When the electric burglar alarm was invented in 1853, it failed to gain popularity. People were skeptical of electrifying their doorframes and window panes, and the infrastructure for centralized monitoring didn’t exist. However, the dawn of telephony 20 years later and its consequent expanded webs of wires weaving their way across New England made monitoring more feasible: because phone lines were primarily used during the day, they could be used at night to monitor the alarm systems. Sound (and the voice in particular) and the vibrations that carried it became inextricably linked to electronic surveillance.
The vibe took on a new significance during the COVID‑19 pandemic. We increasingly relied on digital platforms for connection, while exhaustion, overwhelm and grief often left us with few words. We were keenly aware that “the vibes were off,” while “no thoughts just vibes” became an aspirational state of carefree escape. The “vibe check” stood as an informal, affective judgment: Do you belong here? Are you safe? Are you suspicious? However, beneath the surface, the vibe and the multimodal data associated with it (text, images, audio, video) gained popularity as a way of rendering rich complexity legible to the algorithms that prioritize and reward concise textual descriptors, ushering in a new paradigm of surveillance capitalism.
For musicians, the paradox between the vibe’s origins as an immersive, ineffable physical phenomenon (i.e. a literal vibration) and its modern utility as a textual stand‑in for complexity may seem particularly uncanny.

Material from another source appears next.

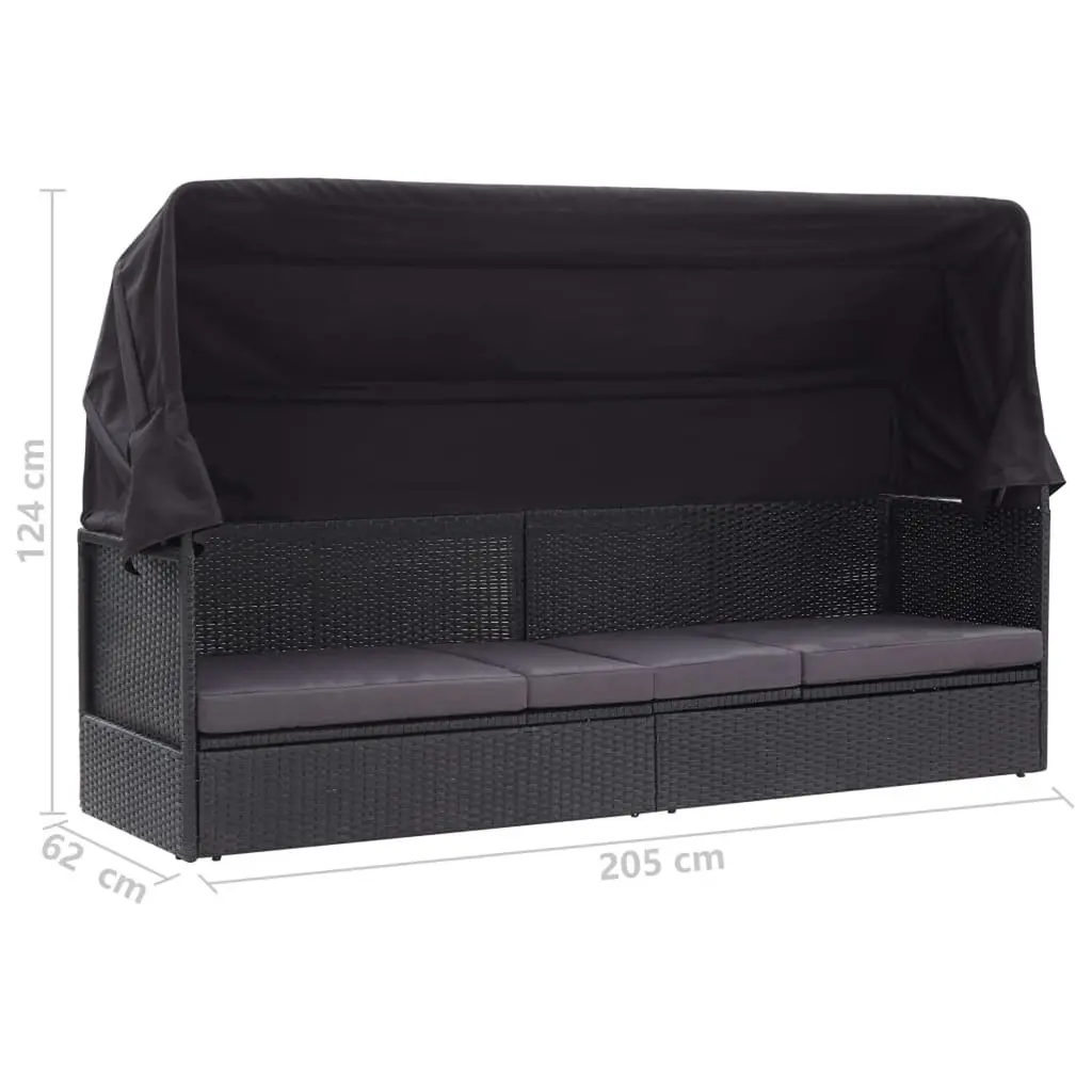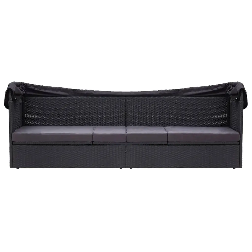 This outdoor sofa bed is the perfect mix of comfort and style for enjoying sunny days outside. The sleek black poly rattan design not only looks great but also ensures that it's built to last for garden, patio, or poolside chilling. Weatherproof Material: The PE rattan is made to handle all weather, ensuring it lasts and is easy to care for. Chill out without worrying about damage from the weather. Spacious Seating: With room for three adults, this sofa bed promotes relaxation and social time, making it perfect for family gatherings or a peaceful solo read. Adjustable Canopy: The removable UV-resistant canopy lets you control how much sun you get, making your outdoor experience much more comfy. Contemporary Style: The sleek, matte finish of this piece brightens up any outdoor space, while its modern look matches various furniture styles. Give your outdoor area a welcoming feel. Easy Maintenance: The cushion covers have zipper closures for easy washing, so you can keep your sofa clean easily while extending its life.

However, this disconnect is consistent with post‑war AI research trajectories which largely privilege linguistic and symbolic models of cognition over embodied ones. As a result, today’s dominant AI systems encode a worldview in which culture becomes tractable as text, and the vibe becomes a lossy proxy for the specificity and materiality of creative practice. The vibe check has been operationalized by entities ranging from tech companies to governments, and the words we use to describe cultural production are increasingly treated as data from which intentions, emotions, risk, and deviance can be inferred.